# Home Remedies For Itchy Pets



## Huly (Mar 5, 2012)

Home Remedies For Itchy Pets | Dogs Naturally Magazine

They call it “The Dog Days of Summer” for a reason! Our dogs enjoy summer just as much as we do. While you’re out together, your dogs are encountering the same perils as you. When you find you both scratching either from bug bites or rashes, don’t call the vet just yet! Effective remedies are already in your kitchen cabinets.

Apple Cider Vinegar And Corn Starch For Bug Bites
Mix the two until you have a thick paste and apply it. Vinegar takes the sting out of the burning itch. The cornstarch will help to draw it out and speed up healing.

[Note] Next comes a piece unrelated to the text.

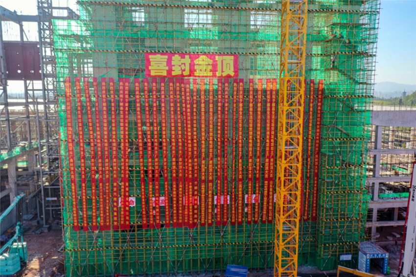 于都县生活垃圾焚烧发电项目主厂房结构长65.5米,宽61.8米,高41米,涵盖垃圾收集、存储、焚烧、余热利用以及综合办公等功能,项目自2021年1月15日基础出零米以来,仅用5个月就顺利实现结构封顶。

Apple Cider Vinegar For Rashes
While their coats protect them from most plants, their bellies, groin and noses are susceptible. If those areas are red, swollen, irritated and/or itchy, it may be poison ivy, oak or some other irritating plant based oil. Mix 1:1 parts apple cider vinegar and cold water. Mist as needed for relief.

Dish Soap for Plant Based Rashes
Keep in mind that the oils may still be on their coats. So wear gloves while treating them. Giving a bath with organic, chemical-free dish soap will remove those oils before you treat the irritated areas. Otherwise you risk being infected yourself or reinfecting areas treated.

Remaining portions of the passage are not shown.